**The input:**
---
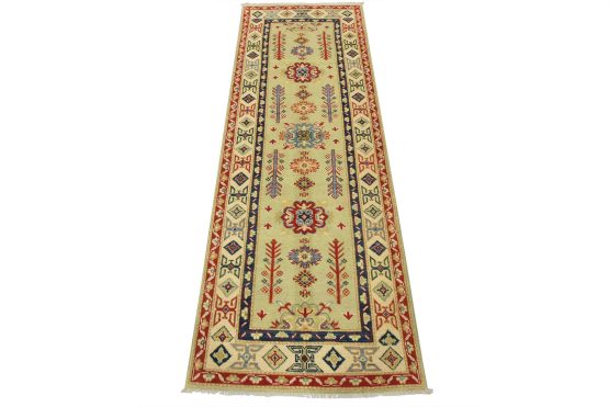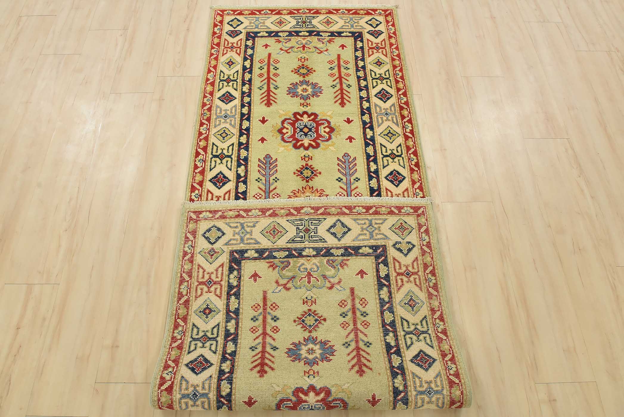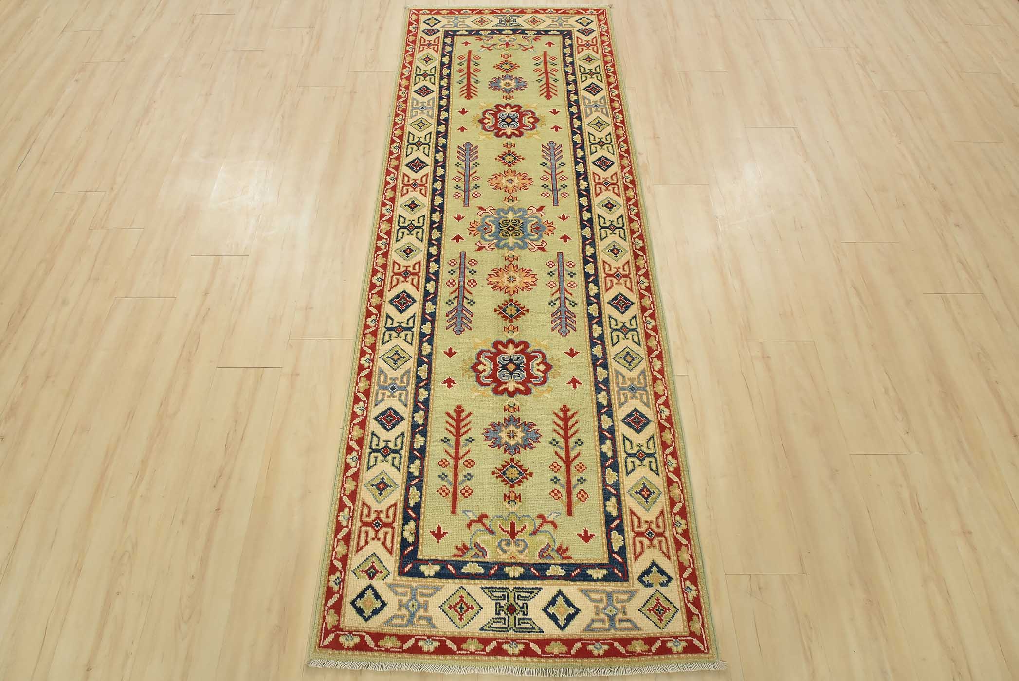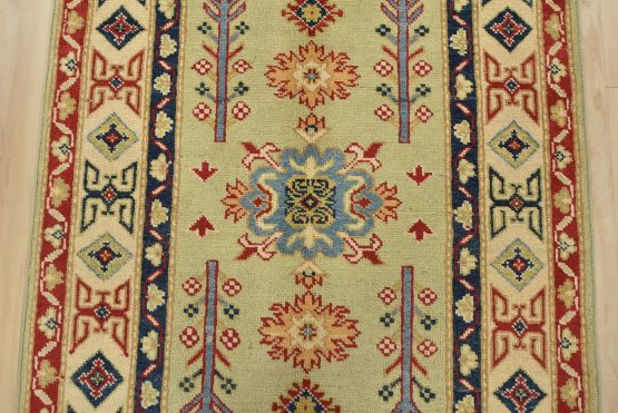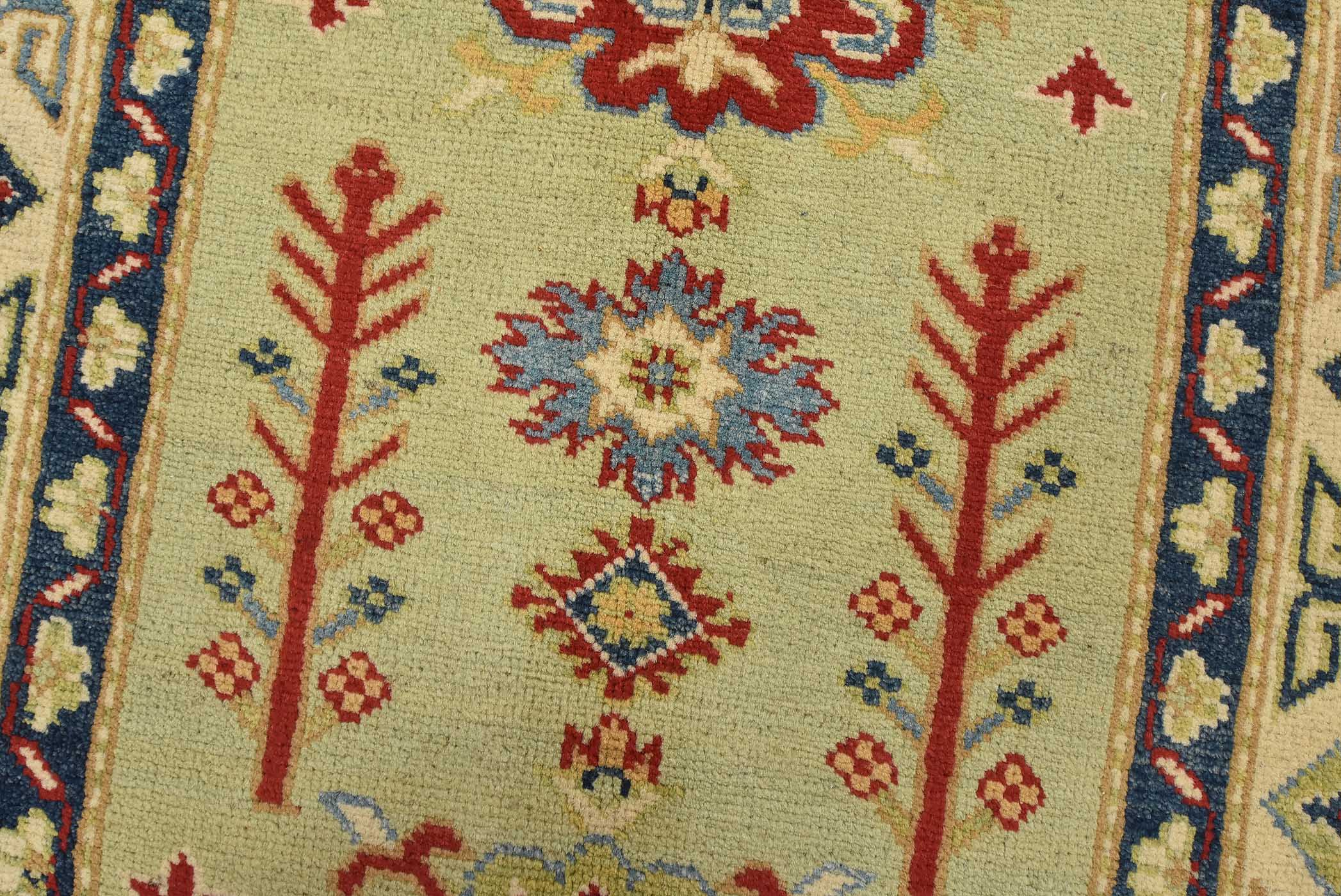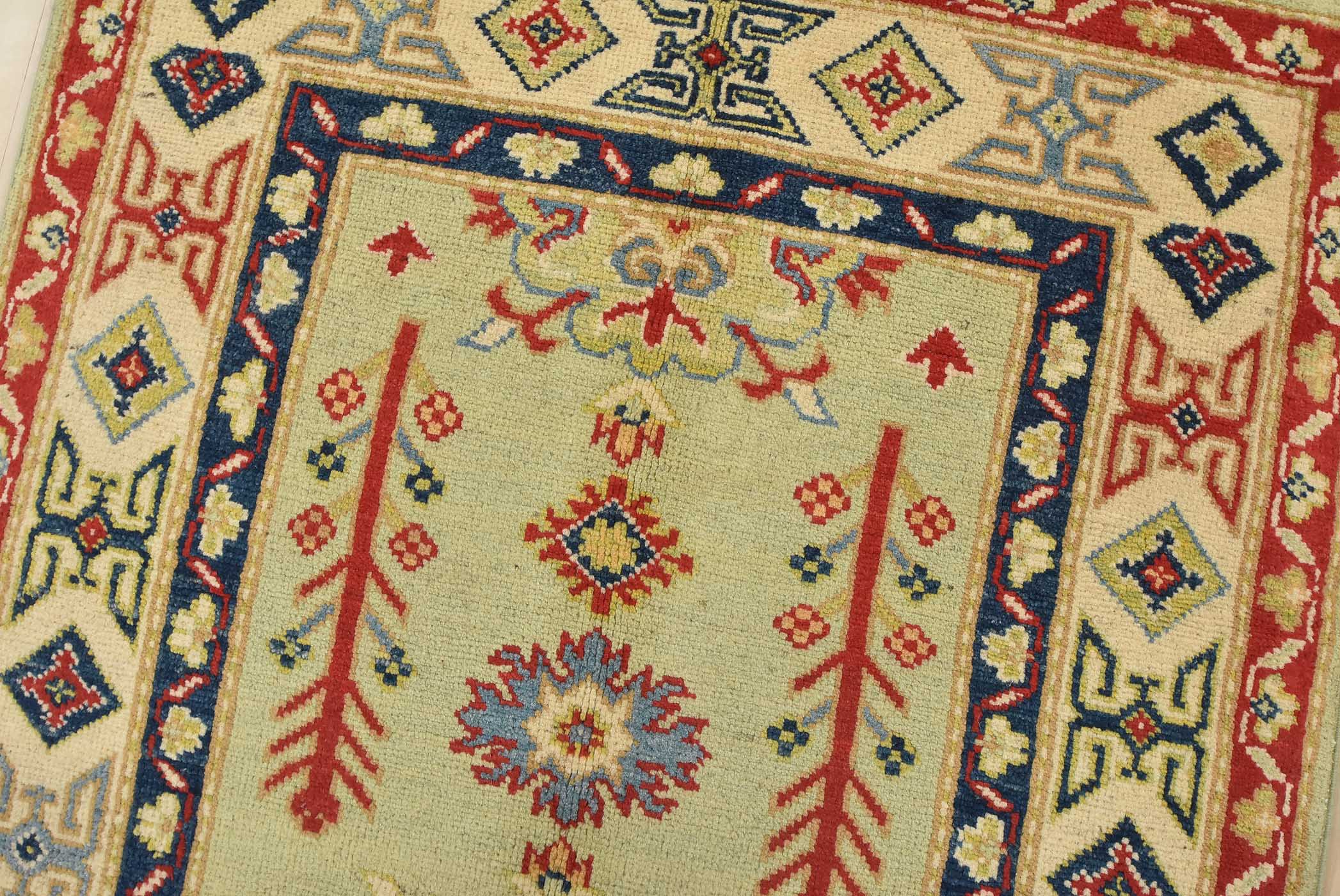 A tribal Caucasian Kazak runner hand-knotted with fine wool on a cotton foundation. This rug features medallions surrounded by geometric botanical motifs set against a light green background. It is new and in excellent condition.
---
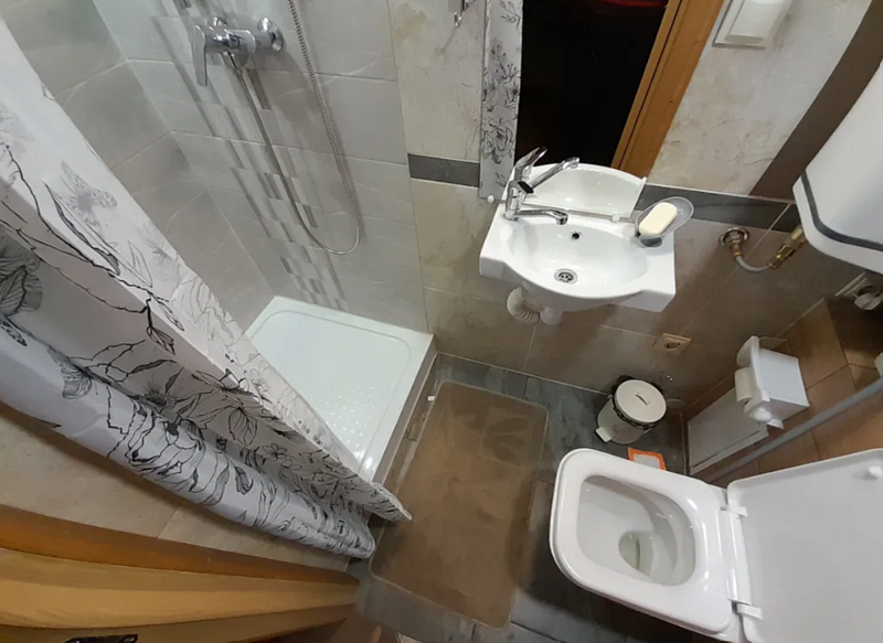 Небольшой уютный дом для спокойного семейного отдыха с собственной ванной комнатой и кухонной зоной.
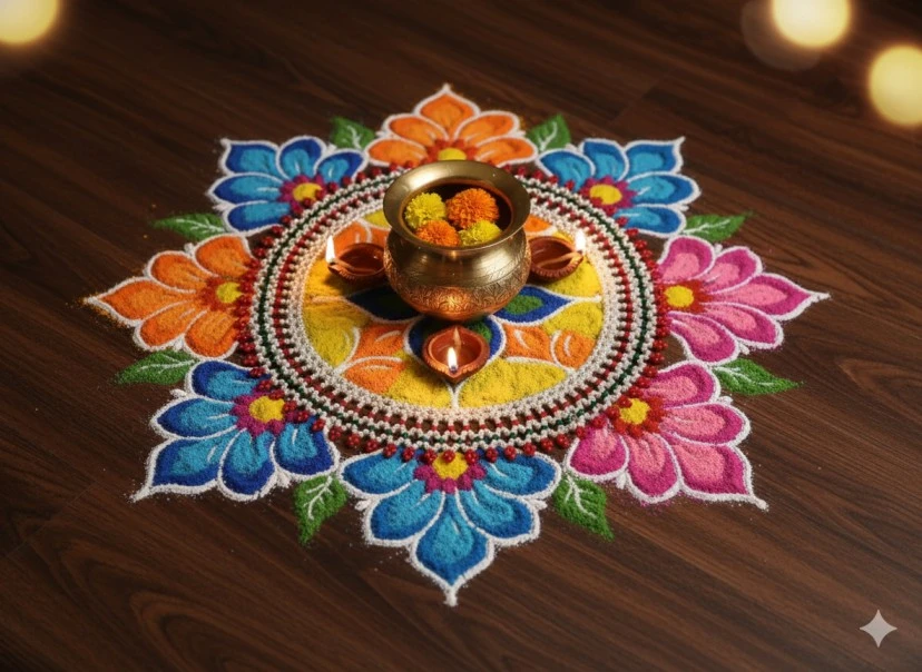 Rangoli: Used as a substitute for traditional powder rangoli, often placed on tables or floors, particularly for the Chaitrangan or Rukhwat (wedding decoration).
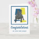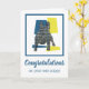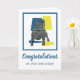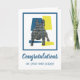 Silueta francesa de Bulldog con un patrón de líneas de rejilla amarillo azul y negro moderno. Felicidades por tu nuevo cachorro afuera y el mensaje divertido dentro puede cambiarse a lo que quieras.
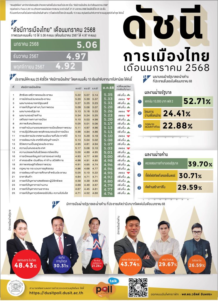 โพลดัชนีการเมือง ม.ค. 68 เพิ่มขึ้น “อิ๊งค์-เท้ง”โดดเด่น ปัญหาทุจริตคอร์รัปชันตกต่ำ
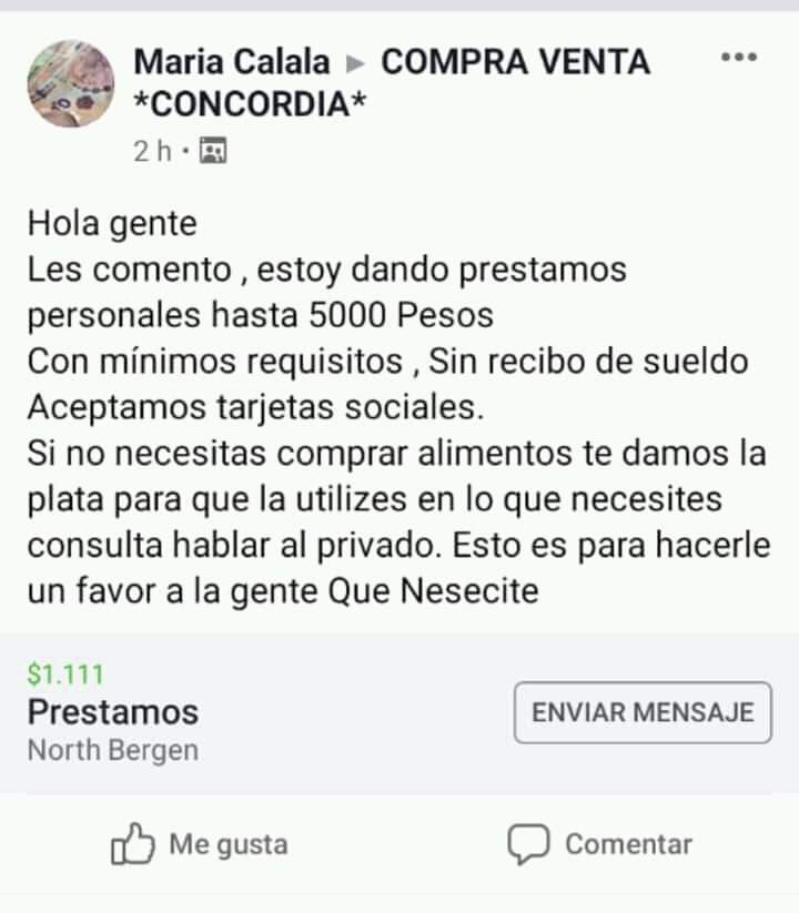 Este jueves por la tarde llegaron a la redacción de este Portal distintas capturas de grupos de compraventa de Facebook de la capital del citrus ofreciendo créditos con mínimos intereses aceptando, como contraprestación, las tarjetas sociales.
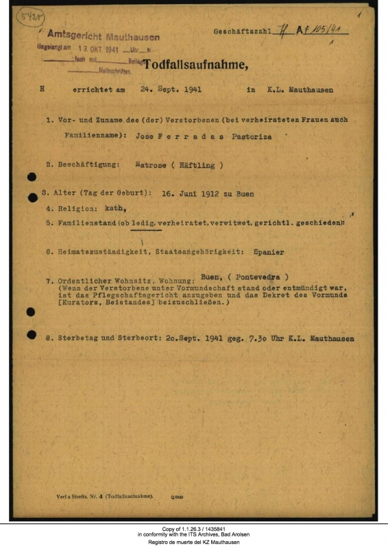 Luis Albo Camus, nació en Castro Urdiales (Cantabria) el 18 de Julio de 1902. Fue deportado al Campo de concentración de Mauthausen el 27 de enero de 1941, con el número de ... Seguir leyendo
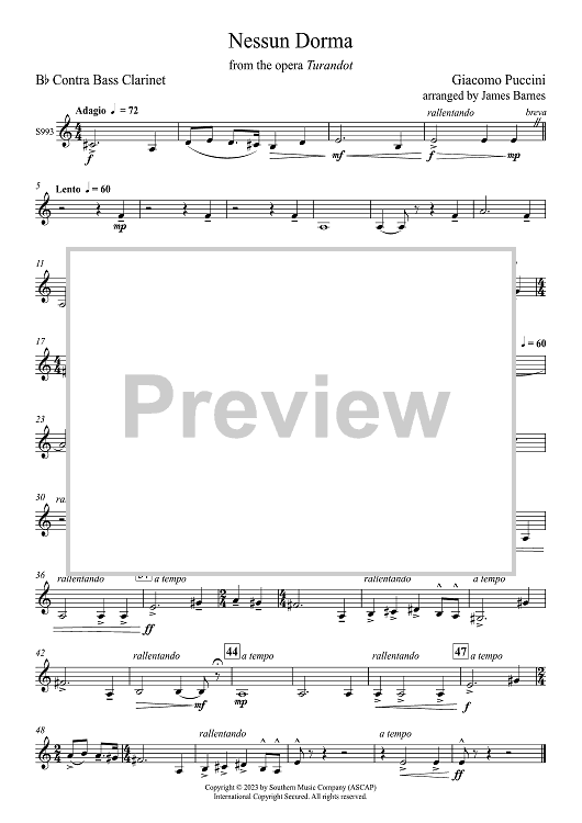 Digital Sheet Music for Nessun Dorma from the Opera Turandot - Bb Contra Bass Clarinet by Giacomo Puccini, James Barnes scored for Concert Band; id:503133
---
**Your task:** Give back exactly the lines of the listing above from the one that contains "Silueta francesa de" up to and including the one that contains "โพลดัชนีการเมือง ม.ค. 68", but not the pictures, and no other lines.

**Result for this exercise:**
 Silueta francesa de Bulldog con un patrón de líneas de rejilla amarillo azul y negro moderno. Felicidades por tu nuevo cachorro afuera y el mensaje divertido dentro puede cambiarse a lo que quieras.
 โพลดัชนีการเมือง ม.ค. 68 เพิ่มขึ้น “อิ๊งค์-เท้ง”โดดเด่น ปัญหาทุจริตคอร์รัปชันตกต่ำ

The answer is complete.